Address by Lars-Erik Wiberg for Sunday, August 27, 2000

Scripture: Ecclesiastes 3:16-22; James 2:14-20

Last July 30, from this very spot, you heard about how the Lord's Divine
Love and Wisdom is gentled for us as it is prepared by the Lord so that we
may receive it in the form of will and understanding and, even more gently,
feeling and thinking. To pick up the thread and quote from that message:
"What is increasingly wonderful is that the very same derivatives that
describe us can be used to describe the work we do. Our very jobs, or as
we Swedenborgians like to put it, our uses, are extensions of our selves,
and we can describe them as well . . . It is therefore of the Lord's
Divine Mercy that not only do we personally reflect his Divine Love and
Wisdom in our selves as individuals, but also in the occupations and
avocations and volunteer activities through which we make ourselves
useful." It is on the subject of making ourselves useful, at least about
certain aspects of that effort, that we do some exploring today.
If you have a good memory, you may recall that something was said from this
very spot a bit over two years ago in reference to bad examples,
specifically: ". . . We can often learn from bad examples because they show
us exactly what we should not do or should not be. The challenge for us is
to tell whether the example is bad or not." For this purpose what we need
is an egregious example. Such is defined as being: "outstanding for
undesirable qualities; remarkably bad; flagrant," in other words so bad you
can't miss it. Thus if someone were to provide an egregious example in
which he made himself less than useful, we would then have a way to guide
ourselves. We could figure out what he did that was wrong and why and then
avoid the same mistakes. That we have an excellent example, and that it
is provided in a magically light-hearted way is a tribute to the genius of
A.A. Milne (the author of Winnie the Pooh), as he describes one of the characters from his seemingly bottomless reservoir of whimsy. I refer to:
The Old Sailor
There was once an old sailor my grandfather knew
Who had so many things which he wanted to do
That, whenever he thought it was time to begin,
He couldn't because of the state he was in.

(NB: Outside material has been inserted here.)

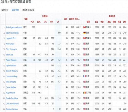 隊內(nèi)三號位出戰(zhàn)率最高的當屬多爾特和維金斯,兩位球員身高分別為193公分和196公分。哪怕個人防守能力很強面對重型鋒線對位也很吃力。有同樣困境的還有四號位,因為哈騰移動慢投射能力不足只能出任五號位,因此一旦碰上打小陣容對手時,雷霆就必須撤下哈騰將霍姆格倫頂上五號位,本賽季至今霍姆格倫有56.8%的時間打五號位,打四號位的時間只有43.2%。當霍姆格倫頂上五號位時,杰倫威和威廉姆斯就得從三號位上提到四號位。二人同樣打四號位身高嚴重不足,這也意味著當霍姆格倫被迫打五、杰倫威打四時,雷霆場上五人體型最小最容易被擁有大體型鋒線的球隊針對吊打。這也是為什么他們打不過馬刺、猛龍、開拓者的根本原因。

He was shipwrecked, and lived on an island for weeks,
And he wanted a hat, and he wanted some breeks;
And he wanted some nets, or a line and some hooks
For turtles and things which you read of in books.
And, thinking of this, he remembered a thing
Which he wanted (for water) and that was a spring;
And he thought that to talk to he'd look for, and keep
(If he found it) a goat, or some chickens and sheep.
Then, because of the weather, he wanted a hut
With a door (to come in by) which opened and shut
(With a jerk, which was useful if snakes were about),
And a very strong lock to keep savages out.
He began on the fish-hooks, and when he'd begun
He decided he couldn't because of the sun.
So he knew what he ought to begin with and that
Was to find, or to make, a large sun-stopping hat.
He was making the hat with some leaves from a tree,
When he thought, "I'm as hot as a body can be,
And I've nothing to take for my terrible thirst;
So I'll look for a spring, and I'll look for it first."
Then he thought as he started, "Oh, dear and oh, dear!
I'll be lonely tomorrow with nobody here!"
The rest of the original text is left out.